==== RECORDED DATA

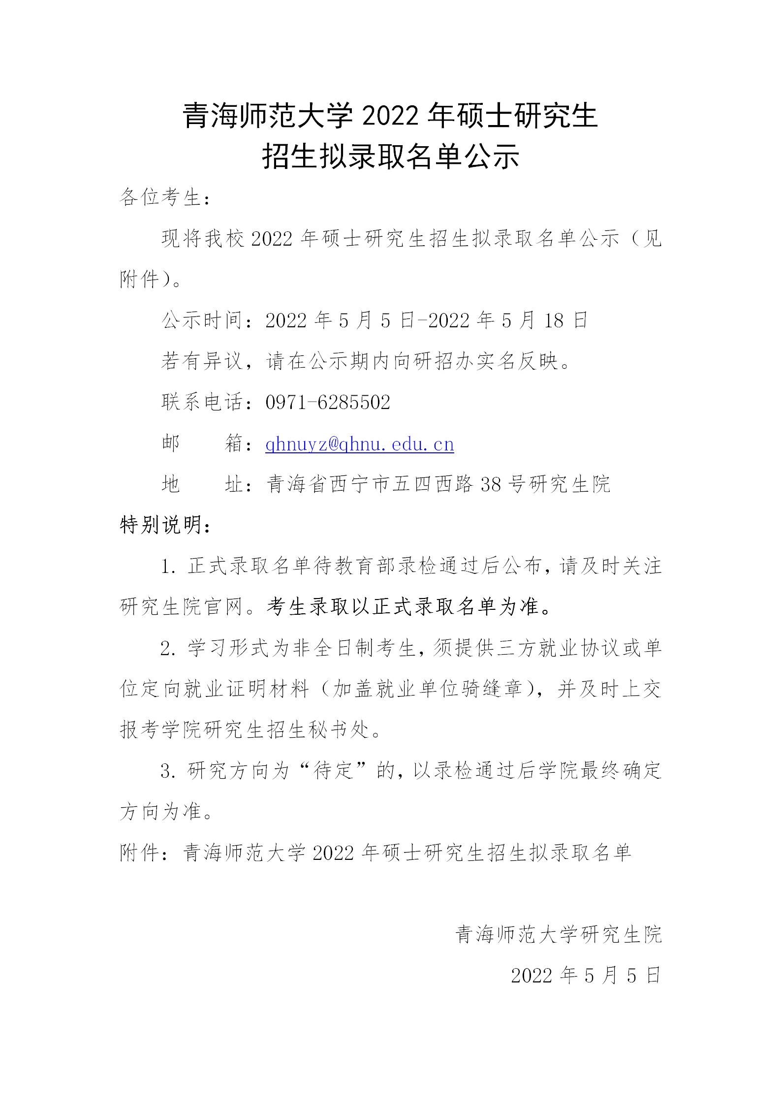 以上就是“2022拼搏在线官网拟录取名单:青海师范拼搏(中国)2022年硕士研究生招生拟录取名单公示”的全部内容,更多录取名单相关内容请持续关注本网站。
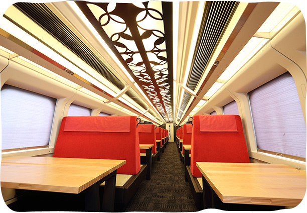 ▼車內座位設計成適合飲食、談天,坐起來十分舒適。
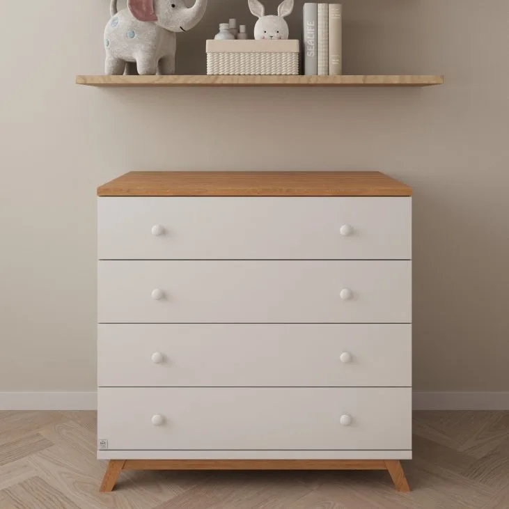 השידה עשויה MDF דחוס ואיכותי, חומר גלם חזק ויציב שמעניק תחושת ביטחון לאורך שנים. הגימור במלמין גלוס מעניק מראה אחיד, חלק וקל לניקוי – אידיאלי לשימוש יומיומי בחדר תינוק.
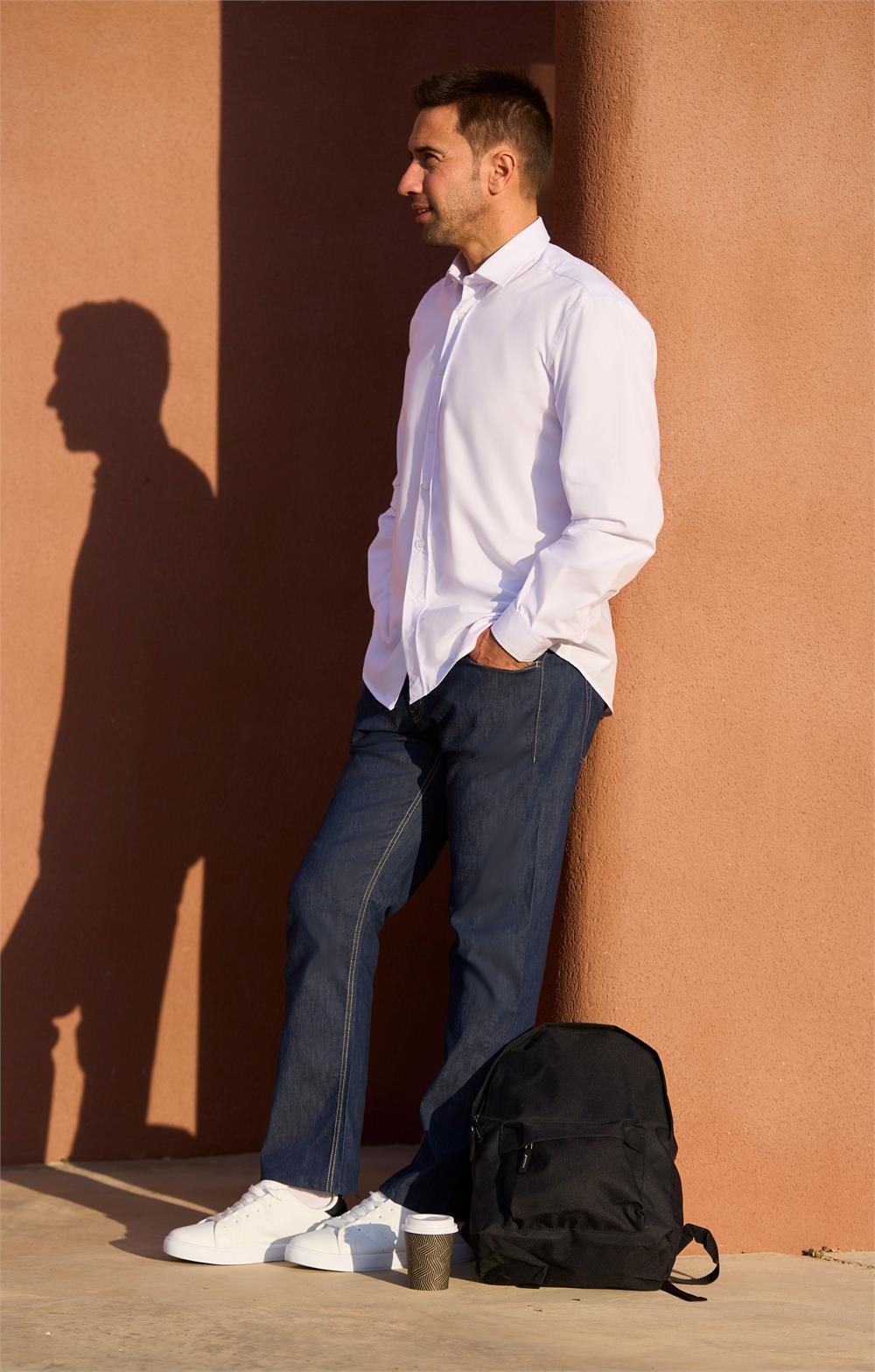 Camisa de caballero semientallada con tapeta de pellizco en el delantero, cuello sin refuerzo y puño rectangular. Tejido fil a fil color blanco

========

EXERCISE INSTRUCTIONS →
Give back word for word the lines from the one containing "השידה עשויה MDF" through the final line of the data above. Pictures are to be left out.

SOLUTION TO THE EXERCISE →
 השידה עשויה MDF דחוס ואיכותי, חומר גלם חזק ויציב שמעניק תחושת ביטחון לאורך שנים. הגימור במלמין גלוס מעניק מראה אחיד, חלק וקל לניקוי – אידיאלי לשימוש יומיומי בחדר תינוק.
 Camisa de caballero semientallada con tapeta de pellizco en el delantero, cuello sin refuerzo y puño rectangular. Tejido fil a fil color blanco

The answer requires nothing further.